**Exercise directions**
Begin at the top of the listing below. Write each line out exactly, ending with the line that holds "Beaphar FIPROtec Spot-On for Small Dogs is".
Content starts
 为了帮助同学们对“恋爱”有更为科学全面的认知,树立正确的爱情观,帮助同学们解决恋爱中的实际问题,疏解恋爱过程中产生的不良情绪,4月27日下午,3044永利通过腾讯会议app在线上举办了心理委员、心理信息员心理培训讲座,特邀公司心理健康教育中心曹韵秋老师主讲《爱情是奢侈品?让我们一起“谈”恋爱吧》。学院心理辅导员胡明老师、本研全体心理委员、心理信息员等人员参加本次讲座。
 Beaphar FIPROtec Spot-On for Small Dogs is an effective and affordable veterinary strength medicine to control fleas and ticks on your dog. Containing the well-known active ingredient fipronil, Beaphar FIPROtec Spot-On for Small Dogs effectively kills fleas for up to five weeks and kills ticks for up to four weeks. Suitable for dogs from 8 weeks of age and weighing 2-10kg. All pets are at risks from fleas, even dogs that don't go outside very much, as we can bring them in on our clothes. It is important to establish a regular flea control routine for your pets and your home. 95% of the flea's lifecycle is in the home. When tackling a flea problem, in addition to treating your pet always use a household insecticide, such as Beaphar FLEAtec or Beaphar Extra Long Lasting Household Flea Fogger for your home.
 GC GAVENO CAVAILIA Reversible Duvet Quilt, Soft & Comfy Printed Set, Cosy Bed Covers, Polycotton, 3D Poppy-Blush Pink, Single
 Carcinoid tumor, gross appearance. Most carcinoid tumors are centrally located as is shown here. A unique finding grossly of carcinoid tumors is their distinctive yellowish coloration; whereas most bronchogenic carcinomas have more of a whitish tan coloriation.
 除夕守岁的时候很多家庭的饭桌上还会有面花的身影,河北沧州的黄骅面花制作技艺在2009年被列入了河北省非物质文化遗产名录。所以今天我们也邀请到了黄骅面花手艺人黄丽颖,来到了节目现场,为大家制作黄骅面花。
Content ends
**Output below**
 为了帮助同学们对“恋爱”有更为科学全面的认知,树立正确的爱情观,帮助同学们解决恋爱中的实际问题,疏解恋爱过程中产生的不良情绪,4月27日下午,3044永利通过腾讯会议app在线上举办了心理委员、心理信息员心理培训讲座,特邀公司心理健康教育中心曹韵秋老师主讲《爱情是奢侈品?让我们一起“谈”恋爱吧》。学院心理辅导员胡明老师、本研全体心理委员、心理信息员等人员参加本次讲座。
 Beaphar FIPROtec Spot-On for Small Dogs is an effective and affordable veterinary strength medicine to control fleas and ticks on your dog. Containing the well-known active ingredient fipronil, Beaphar FIPROtec Spot-On for Small Dogs effectively kills fleas for up to five weeks and kills ticks for up to four weeks. Suitable for dogs from 8 weeks of age and weighing 2-10kg. All pets are at risks from fleas, even dogs that don't go outside very much, as we can bring them in on our clothes. It is important to establish a regular flea control routine for your pets and your home. 95% of the flea's lifecycle is in the home. When tackling a flea problem, in addition to treating your pet always use a household insecticide, such as Beaphar FLEAtec or Beaphar Extra Long Lasting Household Flea Fogger for your home.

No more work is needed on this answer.